19:02
「バイバイ」と笑顔で梨衣ちゃんを見送ってドアを閉める。途端に、この家は静かになる。
誰かが帰った後に来る孤独感は、次の瞬間には奏くんの不在へと向かう。寂しさに悲しさに、恋しさに打ちのめされる。
誰かが遊びに来てくれるのはとても嬉しい。でも、その分、ひとりでいることの何倍にも孤独感が増すのだったら、ずっとひとりでいたほうがいいなんて思ってしまう。
圧倒的な、静けさ。
ひとりでこの家に暮らしていることには、さすがに慣れた。
でも、彼がもうどこにもいないということが、未だに噛み合わない。
20:06
いつか近い未来に、
いや、今日か、明日か、に、
現れるかもしれない。
彼の死について、私を責める人が。
今日かもしれない、明日かもしれない。

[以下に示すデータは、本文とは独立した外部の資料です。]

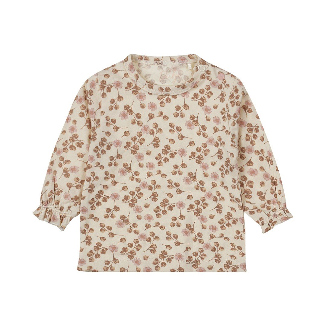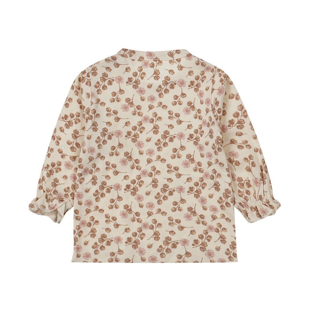 Tricoul cu mânecă lungă pentru fete este de culoare alb-gălbui și are un imprimeu frumos cu floricioare drăguțe în nuanțe de maro și roz. Tricoul ecru are o bandă elastică la mâneci și capse pe umăr. Hainele pentru bebeluși din bumbac organic sunt alegerea ideală pentru părinții care își doresc ce e mai bun pentru bebelușii lor. Fabricate din bumbac cultivat organic, aceste haine sunt moi, confortabile și sigure pentru pielea sensibilă a bebelușilor.

頭の片隅に、それはいつも在る。
その人は言う。あなたのせいだと。あなたが、もっと健康に気を配っていれば。食生活に真剣に取り組んでいれば。健康診断を受けさせていれば。高血圧なんて生活習慣病で、…知ってるでしょう?「患者の薬への満足度と薬の貢献度が最も高い病気のひとつである」ことを、あなた知ってるでしょう?
168日
24週
5ヶ月15日
になるんだって。今日で。
リビングのいつもの光景に、彼を見る。ドアを直していた姿。カレーを作りながら冷蔵庫を開ける姿。大きな背中を丸めてMacに向かう姿。そのどれもが、鮮やかさを失っていく。
1月も半分が過ぎた。
あと2週間で、ひとりで暮らして半年になる。
疲れやすい日々。仕事への気力が続かない。迫りくる月末、迫りくる締切。仕事したいのに、夕ご飯を食べたらもうぐったりだ。困ったな…。
どこか遠くへ行きたい。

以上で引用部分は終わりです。